Extracted records
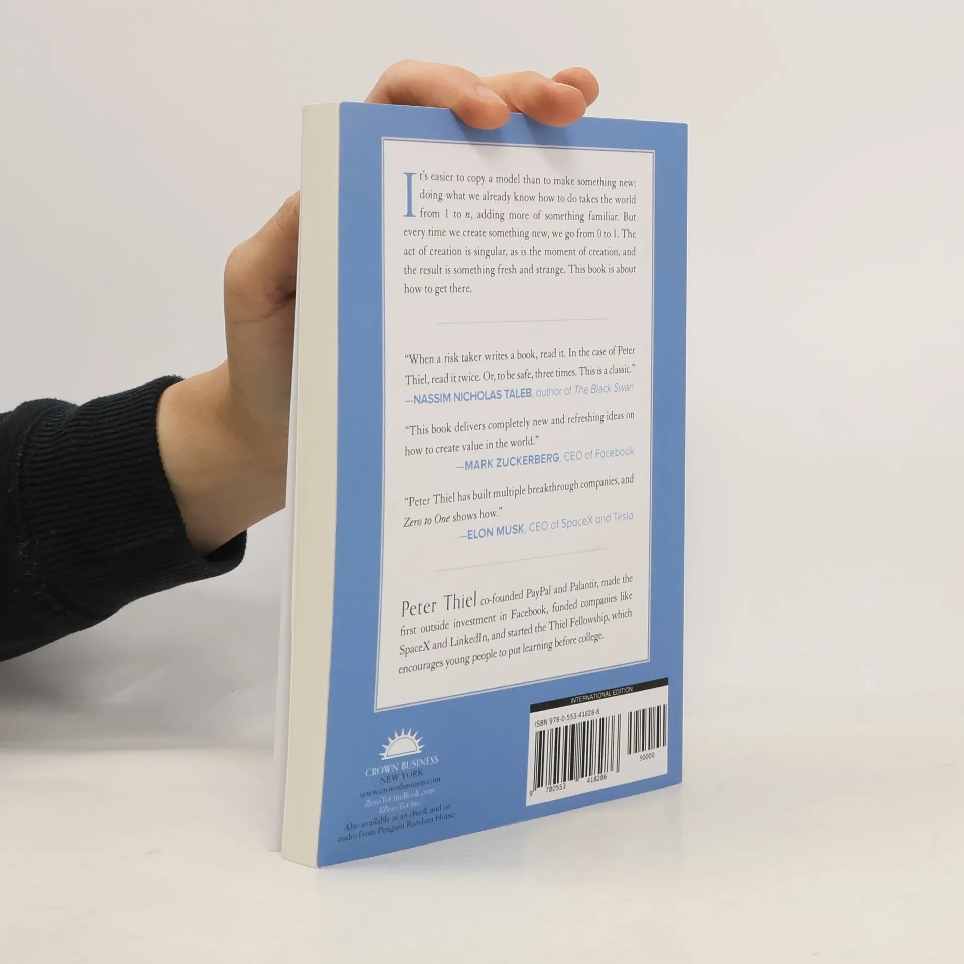 "EVERY MOMENT IN BUSINESS HAPPENS ONLY ONCE. The next Bill Gates will not build an operating system. The next Larry Page or Sergey Brin won't make a search engine. And the next Mark Zuckerberg won't create a social network. If you are copying these guys, you aren't learning from them. It's easier to copy a model than to make something new: doing what we already know how to do takes the world from 1 to n, adding more of something familiar. But every time we create something new, we go from 0 to 1. The act of creation is singular, as is the moment of creation, and the result is something fresh and strange. Zero to One is about how to build companies that create new things. It draws on everything I've learned directly as a co-founder of PayPal and Palantir and then an investor in hundreds of startups, including Facebook and SpaceX. The single most powerful pattern I have noticed is that successful people find value in unexpected places, and they do this by thinking about business from first principles instead of formulas. Ask not, what would Mark do? Ask: WHAT VALUABLE COMPANY IS NOBODY BUILDING? "--
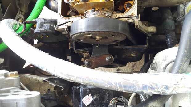 Reemplazo del motor bomba de agua y tensor de la polea (Honda D15B Civic). (5 / 10 paso)
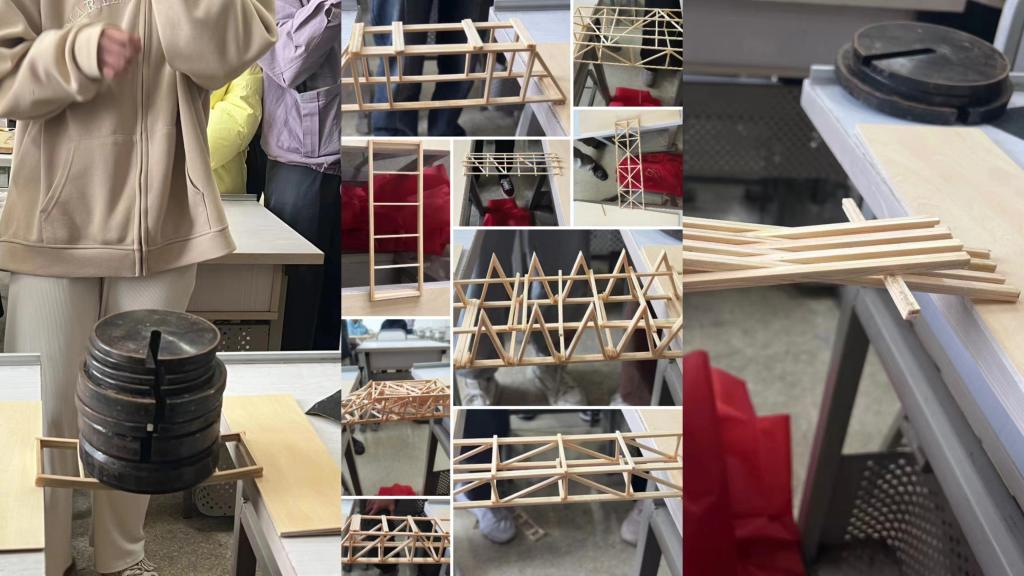 同学们利用科普所学知识进行现场设计,通过测量、切割、拼接等一系列方式,以不同的思路制作出各式各样的小木桥。经过最后的比拼与角逐,不少小木桥可承载远超自身重量千倍的荷载,脱颖而出,取得佳绩。
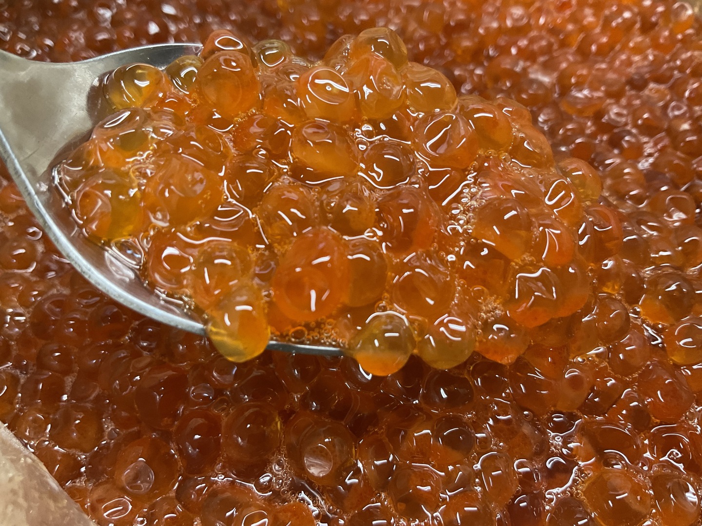 - 今年は筋子が小さく、水揚げ激減のため非常に高価です。
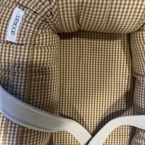 Kjempefint babynest fra Liewood. Veldig praktisk at det kan bæres rundt når babyen ligger i det. Pent brukt og vi har hatt et teppe oppi slik at det ikke er noen synlige bruksmerker på det. Avtagbart og vaskbart trekk.
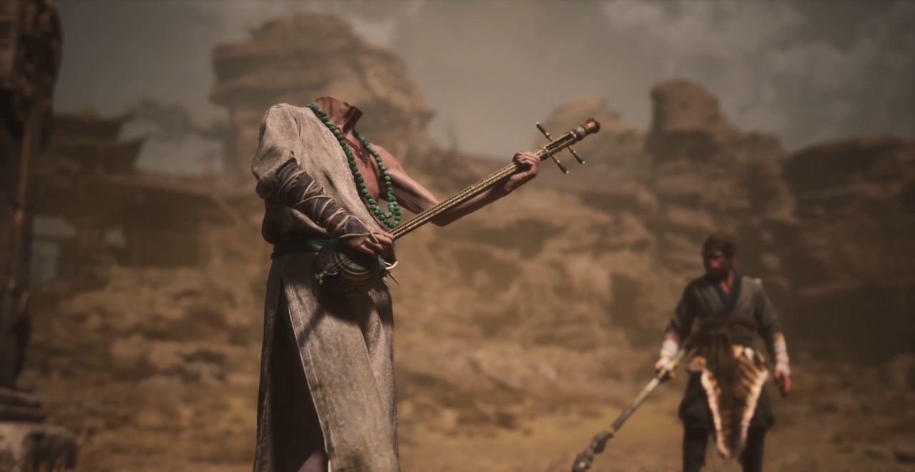 一位無頭僧人正在吹拉彈唱,介紹着這個淒涼之地發生的故事。
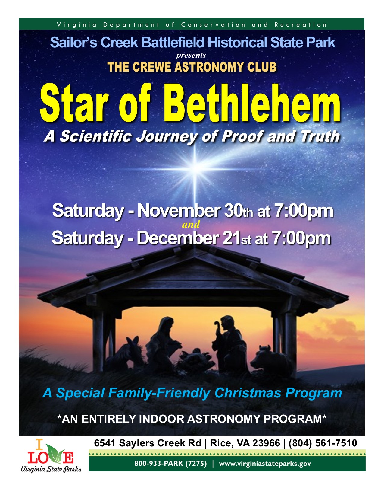 Un viaje espiritual y divertido para añadir a las vacaciones de Navidad para toda tu familia. Este programa familiar es gratuito para el público e incluirá una sesión de preguntas y respuestas inmediatamente después de su conclusión. Si tiene preguntas, llame al Centro de Visitantes al (804) 561-7510.

#### Assigned task
The lines from the one with "同学们利用科普所学知识进行现" to the end of the data above should be retyped exactly, both ends included, and pictures are to be left out.

#### Task result
 同学们利用科普所学知识进行现场设计,通过测量、切割、拼接等一系列方式,以不同的思路制作出各式各样的小木桥。经过最后的比拼与角逐,不少小木桥可承载远超自身重量千倍的荷载,脱颖而出,取得佳绩。
 - 今年は筋子が小さく、水揚げ激減のため非常に高価です。
 Kjempefint babynest fra Liewood. Veldig praktisk at det kan bæres rundt når babyen ligger i det. Pent brukt og vi har hatt et teppe oppi slik at det ikke er noen synlige bruksmerker på det. Avtagbart og vaskbart trekk.
 一位無頭僧人正在吹拉彈唱,介紹着這個淒涼之地發生的故事。
 Un viaje espiritual y divertido para añadir a las vacaciones de Navidad para toda tu familia. Este programa familiar es gratuito para el público e incluirá una sesión de preguntas y respuestas inmediatamente después de su conclusión. Si tiene preguntas, llame al Centro de Visitantes al (804) 561-7510.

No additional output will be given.